Pimpinan Ponpes Padang Ati Pekalongan Jadi Tersangka Pencabulan Santriwati
AKF, pengasuh Pondok Pesantren Padepokan Padang Ati di Pekalongan, resmi ditetapkan tersangka dan ditahan sejak Kamis dini hari. Ia membantah tuduhan pencabulan terhadap enam santriwatinya meski dijerat Pasal TPKS.
AKF, pengasuh Pondok Pesantren Padepokan Padang Ati di Desa Simbang Kulon, Kecamatan Buaran, Kabupaten Pekalongan, ditetapkan sebagai tersangka dugaan pencabulan santriwati. Penetapan dan penahanan dilakukan pada Kamis (28/5/2026) dini hari di Polres Pekalongan Kota setelah pemeriksaan sejak Rabu (27/5/2026). Langkah ini diambil karena penyidik telah mengantongi sedikitnya dua alat bukti sah dan melakukan gelar perkara. Kasus ini mencuat setelah enam santriwati melapor sebagai korban.

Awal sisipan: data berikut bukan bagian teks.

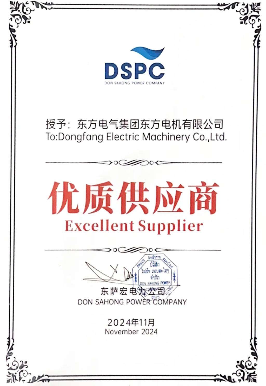 東薩宏電力公司向東方電機(jī)頒發(fā)的“優(yōu)質(zhì)供應(yīng)商”證書,是對機(jī)組運(yùn)行優(yōu)異的最好證明。

Kasat Reskrim Polres Pekalongan Kota AKP Setiyanto menyatakan penetapan tersangka didasarkan pemeriksaan saksi korban, saksi ahli, serta barang bukti pendukung. Alat bukti yang dikantongi antara lain keterangan saksi-saksi, keterangan ahli, dan pakaian korban yang dipakai saat peristiwa. AKP Setiyanto menegaskan tersangka dijerat Pasal 6 huruf c Undang-Undang Nomor 12 Tahun 2022 tentang Tindak Pidana Kekerasan Seksual. Polisi masih membuka kemungkinan adanya korban lain yang belum melapor.
Tim penasihat hukum tersangka yang dipimpin Arif NS menyatakan kliennya membantah seluruh tuduhan. Selama pemeriksaan yang berlangsung sejak Rabu siang hingga dini hari, AKF menerima sebanyak 52 pertanyaan dari penyidik. Arif menegaskan seluruh jawaban kliennya menolak tuduhan tersebut dan menyatakan tidak benar. Meski demikian, penyidik tetap menetapkan AKF sebagai tersangka dan langsung melakukan penahanan.
Pemeriksaan dilakukan secara intensif di Polres Pekalongan Kota sebelum akhirnya gelar perkara digelar. Enam santriwati telah resmi memberikan keterangan sebagai saksi korban dalam kasus ini. Kuasa hukum memastikan akan mengikuti seluruh proses hukum yang berjalan. Penyidik terus mendalami kemungkinan adanya korban tambahan.